Ángel Piuma camina justo por el límite entre la luz y la sombra. Le gustan esas cuadras de vereda tibia al sol matinal, oscurecida en parte por los árboles. Ha hecho muchas veces ese camino desde el bunker del Movimiento hasta la redacción de El Atopiano. Lleva en su cerebro el olor a tinta serigráfica fresca y a la pinotea de los tablones donde las cumpas estampan, protegidas del tedio por la música de la radio, los frentes de algodón negro recién traídos del taller textil social de Villa Mándrax:

JUSTICIA X SAMY

Va pensando frases para escribir:

Le robaron el teléfono, vio cómo mataban a un pibe y lo acusan de su muerte.

Piensa en Walter, su precursor como cronista de Policiales, víctima de todas esas desgracias. Se pregunta cómo estará, qué más sabrá, si querrá darle otra entrevista...

*

Walter Oliverio ya casi no sale. No quiere ver de cerca un mundo tan injusto.

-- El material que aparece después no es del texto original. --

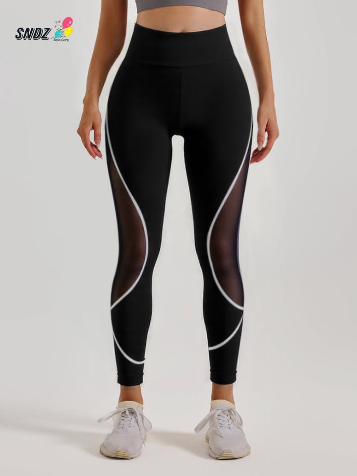 กางเกงโยคะผ้าตาข่ายเรียบง่าย สไตล์ยุโรป-อเมริกา เอวสูง ยกสะโพก เอวยืดหยุ่น ความยาวเต็มตัว สำหรับผู้หญิง เป็นมิตรกับสิ่งแวดล้อม ระบายอากาศได้ดี

Se la pasa mirando la tele en el sofá y se ha vuelto casi alcohólico. Solo va de noche a la estación de servicio a la vuelta de su casa, donde charla con el playero amigo, el que reconoce un fraseo de música clásica en un ringtone; después entra al servicentro y se compra su provisión de ginebra. Es la época en que existen todavía estaciones de servicio que están abiertas toda la noche y tienen computadoras en red y teléfonos fijos.

*

A Ángel ya le toca abrir la pesada puerta de reja, entrar a una planta baja gris, subir por escalinatas gastadas hasta la cafetería donde apenas si llega una luz filtrada de claraboya y saludar al barman ciego de la cafetería, que siempre lo percibe y lo saluda antes de que él lo vea; de allí tiene que pasar a la oficina de redacción, donde reinan el caos, la prisa y los fantasmas. Es el primero en llegar. Abre de par en par la ventana, airea la sala, enciende las viejas máquinas. Se da el lujo de dejar apagado el televisor.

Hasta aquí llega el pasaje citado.